Union Pacific shares have fallen 2.7% in 2023, compared with the S&P 500’s SPX, 0.19% gain of 8.2%.

CSX reports its fiscal first-quarter results after market close Thursday. Analysts surveyed by FactSet are looking for earnings of 42 cents a share, or 43 cents on an adjusted basis, and sales of $3.579 billion.

“For CSX, the bar is likely higher, and we see the EPS bogey at 43 [cents] or better, supported by better service, mix and strong export coal yields,” wrote Citi’s Wetherbee.

Last week, Raymond James lowered its CSX price target to $34 from $36 and reiterated its outperform rating. In particular, Raymond James analyst Patrick Tyler Brown highlighted the company’s One CSX effort, which aims to optimize railroad assets, and improve cost controls. “CSX continues to execute its ONE CSX initiatives that we expect will continue to drive operational improvement, translating to stronger revenues, margin, EPS, and [free-cash-flow] gains in coming years,” he wrote. “While network congestion remains, we are encouraged by CSX’s commitment to adding key resources (T&E [Train and Engine] employees) to drive service levels higher.”

“We also remained intrigued by the possibilities with newly minted CEO [Joseph] Hinrichs and his incessant focus on customer service and the employee experience,” Tyler Brown added.

CSX shares have fallen 1.6% in 2023.

Norfolk Southern reports its fiscal first-quarter results before market open on April 26. Analysts surveyed by FactSet are looking for earnings of $3.09 a share, or $3.15 on an adjusted basis, and sales of $3.102 billion.

In a note released last week, JPMorgan analyst Brian Ossenbeck said there are two separate concerns for the company for the upcoming quarter. “First is that congestion has normalized faster than expected and while we don’t anticipate demurrage & accessorial fees will collapse in [the first quarter of 2023], this should be the first time we see how much of an effect they will have on intermodal revenue per unit,” he wrote.

Demurrage is a charge that compensates rail carriers for expenses incurred when rail cars are detained beyond a specified period of time for loading and unloading, according to the Surface Transportation Board.

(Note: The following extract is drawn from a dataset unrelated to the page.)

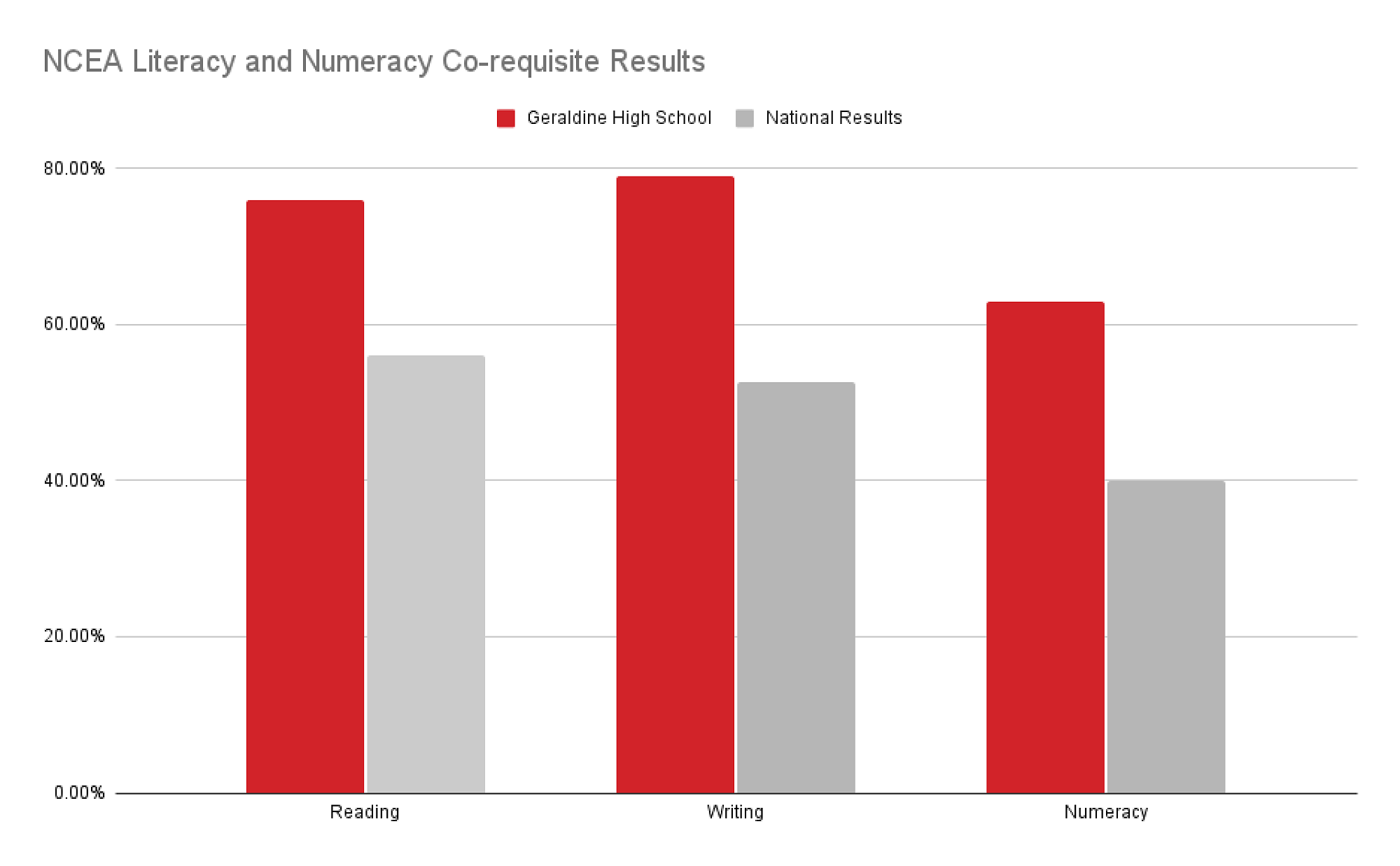 National Results: Reading 56%, Writing 52.5%, Numeracy 40%

It also serves as a penalty for undue car detention. Accessorial charges include charges for diverting a shipment in transit and releasing a railcar with incomplete or incorrect shipping instructions.

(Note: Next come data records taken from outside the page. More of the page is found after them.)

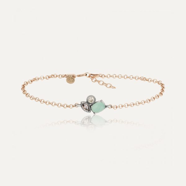 Julietta, un nom qui inspire le romantisme et la beauté, tout comme les pendentifs Julietta de la collection Giselle, beaux, élégants, romantiques et dotés de la touche unique de Sunfield. Ce pendentif en argent sterling 925 avec une finition antique est orné d’un cabochon ovale facetté de calcédoine de 7 x 5 mm, d’un zircon champagne taillé en brillant et d’un zircon marron taillé en marquise. Il est suspendu à une chaîne en argent plaqué or rose 18k de 42 cm de long.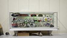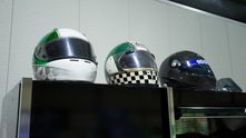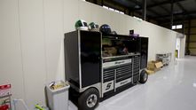 Чёрный шкаф Snap-On также используется как подиум для коллекции шлемов Дайго.
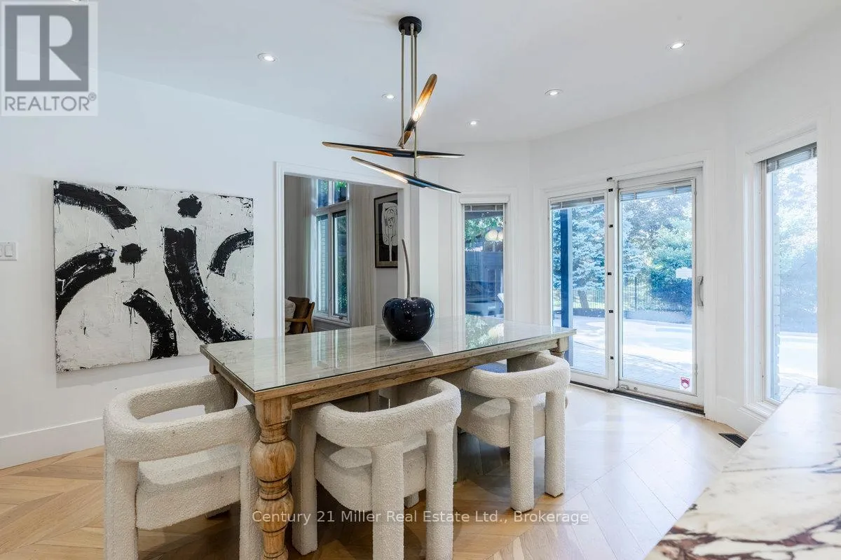 Cross Streets: Masters Green / The Links Drive. ** Directions: Dorval Drive to Fairway Hills Blvd. Welcome to 1031 Masters Green, a beautifully maintained executive home tucked away on a quiet, family-friendly street in Oakville's sought-after community Glen Abbey and the enclave of Fairway Hills. With exceptional curb appeal, this 4+1-bedroom, 3.5-bathroom residence offers nearly 5,000 sq. ft. of elegant living space throughout, perfect for family living and entertaining. Step inside to a bright, open-concept layout featuring hardwood floors, large principal rooms, and timeless finishes. The spacious living and dining rooms flow seamlessly for hosting, while the updated kitchen boasts quartz counters, high-end stainless-steel appliances, a breakfast area, and a walkout to your backyard oasis. A cozy family room with stunning open gas fireplace creates a warm gathering space. Upstairs, the primary suite impresses with a walk-in & double closets and spa-like ensuite complete with soaker tub and glass shower. Three additional generous bedrooms and a stylish full bath provide ample space for the entire family. The finished lower level extends the living area with a large elegant recreation room designed and created by Montana Labelle is ideal for a tranquil yoga or art studio, large bedroom, gym or home office, 4-pc bathroom and plenty of storage. Outdoors, enjoy a private, landscaped backyard with a saltwater pool, garden shed, pool house, storage shed and mature trees and a stone patio ideal for summer evenings and weekend barbecues. Located within walking distance to top-ranked schools, parks, trails, golf, and minutes from shopping, restaurants, transit, and highways, this home checks every box. 1031 Masters Green offers the perfect blend of comfort, style, and location in one of Oakville's most desirable neighbourhoods. (id:27476)

The second concern for Norfolk Southern is the impact of the East Palestine derailment, according to JPMorgan. “The East Palestine derailment overhang is not at a point where it will start to fade in our view,” Ossenbeck said in the note. “Management will provide an update on the anticipated cost but will likely need to provide another one in the future as the damages are still accumulating, and it is unclear what is actually insurable and what is not at this stage.”

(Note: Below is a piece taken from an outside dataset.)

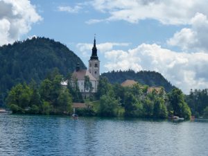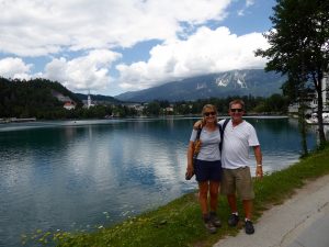 The next morning we set off earlyish and arrived at Lake Bled, about 30k away from Villach, about 10.45. We parked up and walked down the hill to the lake itself.  Frankie Long had recommended we visit the lake, as she’d been and said it was a stunning setting.  It truly is!  We were able to walk right round the lake, stopping for coffee, and then to buy a picnic at a local supermarket.  We took loads of photos, which frankly don’t do it justice, but will give you a flavour of the place.

He added: “As such, we don’t see this update clearing the deck especially with the [National Transportation Safety Board’s] two investigations still underway.” JPMorgan has a neutral rating for Norfolk Southern.

Norfolk Southern’s stock has fallen 16.6% since the Feb. 3 derailment near the Ohio-Pennsylvania border.

Of 28 analysts surveyed by FactSet, nine have a buy rating, 18 have a hold rating and one has an underweight rating for Norfolk Southern.

Canadian Pacific reports its fiscal first-quarter results after market close on April 26. Analysts surveyed by FactSet are looking for earnings of 67 cents a share, or 68 cents a share on an adjusted basis, and sales of $1.714 billion.

This week, BMO resumed coverage of the rail carrier at outperform, pointing to Canadian Pacific Railway Ltd.’s merger with Kansas City Southern, which was completed on April 14. “We believe the combination of CP and KCS networks significantly expands the addressable freight market for the merged entity and catalyzes a period of strong organic volume growth that we expect will extend well into the coming decade,” wrote BMO analyst Fadi Chamoun.